Liam Ashley was a 17-year-old boy from North Shore City, Auckland who was murdered on 24 August 2006, by George Charlie Baker, a prisoner from North Shore, Auckland. The crime occurred in a New Zealand prison van and led to criticism of the methods of transporting prisoners in New Zealand.

Background
Ian and Lorraine Ashley, Liam's parents, pressed criminal charges against their son after he used his mother's car without permission. The Ashleys denied bail so that their son would be sent to prison. They wished to correct the boy's behaviour, and prevent additional "minor misdemeanours." Liam had previously experienced "minor trouble" with New Zealand law, and his parents believed that the prison system would be the safest place for him.

Murder
The prison authorities placed Ashley in one of four compartments of a prison van operated by Chubb Security, a company operating under contract with New Zealand officials.
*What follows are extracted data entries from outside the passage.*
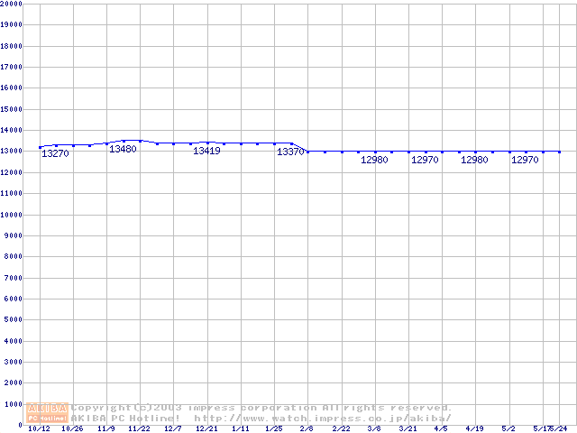 | [↑前グラフ]: | Socket 370 (FC-PGA2,FSB 133MHz,L2 512KB,Tualatin)の最安値推移 |
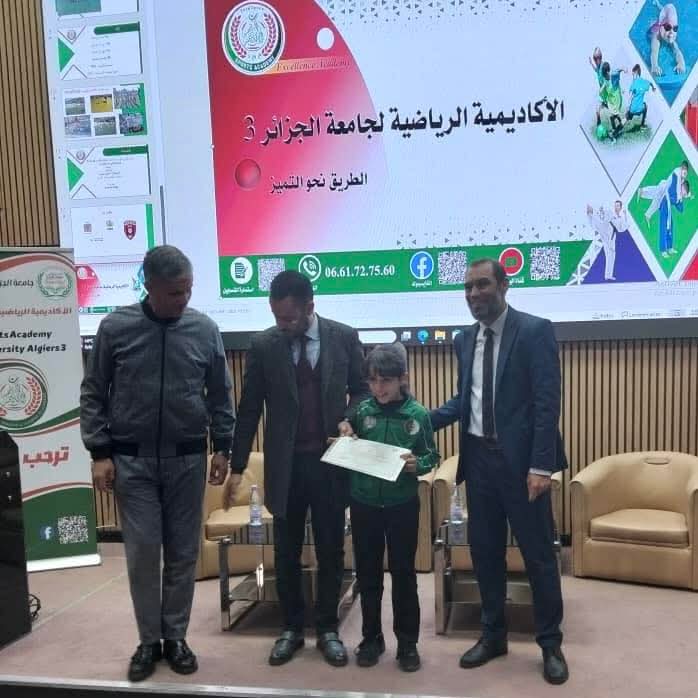 واختتمت المراسم الاحتفالية بتكريم مميز للرياضيين المنخرطين في الأكاديمية من التلاميذ المتفوقين في الطورين الابتدائي والمتوسط، تشجيعًا لهم على مواصلة مسيرة التميز، وترسيخًا لمفهوم التكامل بين النجاح الدراسي والتألق الرياضي، في إطار هذه البيئة الرقمية المبتكرة التي تجسد الرؤية الطموحة لجامعة الجزائر 3 نحو التحول الرقمي الشامل في المجال الرياضي
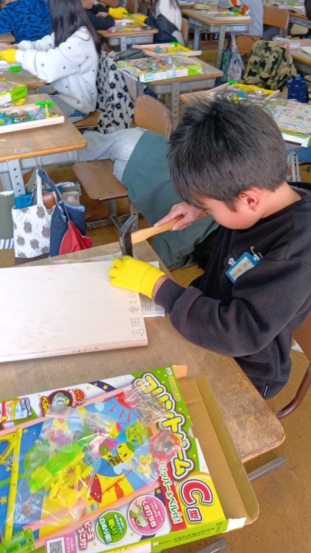 板に釘を打ちつけ、ビー玉が通るコースを作っていきます。
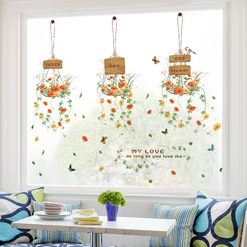 卧室床头上衣柜门贴画大白墙面3d立体吊饰盆栽吊顶自粘遮丑墙贴纸
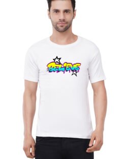 Caseria Men’s Cotton Graphic Printed Half Sleeve T-Shirt – Believe Star
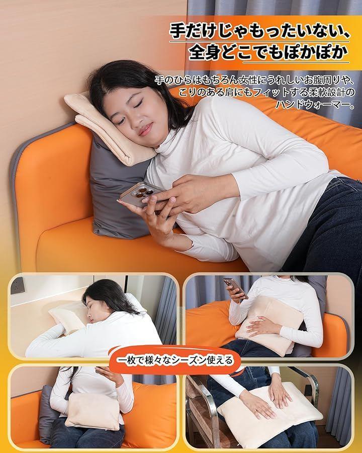 「一台二役&2秒速暖。冷える体を瞬時に温める」手を入れればハンドウォーマーとして、またファスナーを開けばホットマットとして使える優れものです。
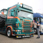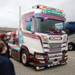 Even verderop zeemt Bart Rogaar de Scania van zijn maat Raymond van Houten. ,,Raymond is gisteren vader geworden en ik neem nu de zaak waar’’, lacht hij. Het is de derde keer dat Raymond’s Scania – een R500 van Postma uit Grijpskerk – in de Mooiste Truckstraat staat. De komst van dochter Robin was een grotere verrassing: zij is namelijk drie weken te vroeg geboren. Namens Truckstar: van harte!
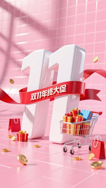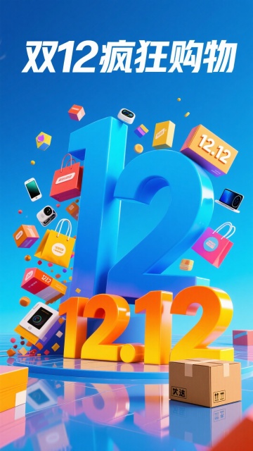 创作一幅卡通 3D 风格的 双11促销海报,整体以暖橙色为主色调,色彩明亮,营造热闹欢快的购物氛围。画面上方有醒目的白色粗体大字 “双11疯狂购物”;左侧和中间区域,大量色彩缤纷的商品(包括各色购物袋、包装盒、电子产品、带有 “11.11” 标识的物品等)从左向右如潮水般倾泻而下,充满动感与活力;右下角有立体的橙黄渐变 “11.11” 数字,旁边摆放着一辆装满商品的购物车,地面还有带有快递标识的棕色纸箱,地面带有光泽反射,增强画面的质感与空间感。

The van was scheduled to transport the prisoners from North Shore District Court to Auckland Central Remand Prison at Mt Eden. Ashley shared the compartment with two other men, one of whom, George Baker, was classified as a dangerous criminal. Baker attacked Ashley, strangling and stomping on the boy. The victim sustained severe brain injuries. The following day, 25 August, at 10:30, his family chose to remove Ashley from life support; Liam Ashley died at 10:45.

Aftermath
Baker said that he attacked Ashley because he believed the boy was a "nark." He freely admitted to killing Ashley and received a minimum 18 year life sentence. Damien O'Connor, the Minister of Corrections, described the fatal injury as "senseless" and "preventable."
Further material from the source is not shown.